Antimicrobial peptide WK-13-3D protects mice from Japanese Encephalitis Virus by targeting viral envelope.

The Japanese encephalitis virus (JEV), a mosquito-borne flavivirus, poses a significant public health threat, particularly in Asia. Currently, there are no approved antiviral drugs specifically for treating JEV infection, leaving supportive care as the primary management strategy. This gap highlights an urgent need for novel therapeutic interventions. Targeting virus-host protein interactions, which are crucial for viral replication and pathogenesis, represents a promising strategy for developing new antiviral agents. The viral envelope protein, in particular, is a key player in viral entry and a prime target for inhibition.

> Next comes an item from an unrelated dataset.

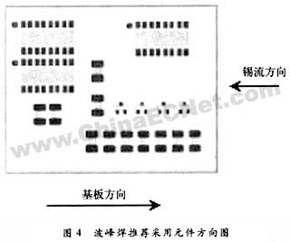 (2)在設計(ji)貼片元件(jiàn)焊盤時,應(ying)考慮以下(xià)幾點:①爲了(le)盡量去除(chu)"陰影效應(ying)",SMD的焊端或(huò)引腳應正(zheng)對着錫流(liú)的方向,以(yi)利👉于與錫(xi)流的接🌈觸(chù),減少虛焊(han)和漏焊,波(bō)峰焊時推(tui)薦采用的(de)元件🌈布置(zhi)方向圖如(rú)圖4所示;②波(bō)峰焊接不(bu)适合于細(xì)間距QFP、PLCC、BGA和小(xiǎo)間距SOP器件(jian)焊接,也就(jiu)是說在要(yào)波峰焊接(jiē)的這一面(miàn)盡量不要(yao)布置這類(lei)元件;③較小(xiao)的元件不(bú)應排在較(jiao)大的元件(jiàn)後,以免較(jiao)大元件妨(fáng)礙錫流與(yǔ)較小元件(jian)的焊盤接(jiē)觸,造成漏(lou)焊✉️。

This preclinical study investigated the antiviral efficacy of the antimicrobial peptide WK-13-3D against Japanese Encephalitis Virus (JEV) infection. Researchers utilized an in vivo mouse model of JEV infection. The core experimental design involved pre-treating JEV viral particles with WK-13-3D prior to administration to the mice. The primary endpoint was protection against mortality. The study also explored the peptide's mechanism of action, focusing on its interaction with viral particles and its effect on viral internalization, likely using in vitro assays, though specific methods like ELISA or flow cytometry were not detailed in the abstract.

Antimicrobial peptide WK-13-3D demonstrated potent antiviral activity against Japanese Encephalitis Virus (JEV). Mechanistically, the peptide inhibits JEV infection by directly binding to the viral particle. This interaction is hypothesized to involve the viral Envelope (E) protein, a critical component for viral entry. The binding of WK-13-3D to the virus effectively prevents viral internalization into host cells, thereby blocking the initial stages of infection. This in vitro mechanism translated into significant in vivo protection. > In JEV-infected mice, pre-treating the virus with WK-13-3D provided complete protection against mortality, indicating a robust therapeutic potential. This finding suggests that WK-13-3D interferes with a fundamental step of the JEV life cycle, offering a novel approach to combat this severe neurological infection.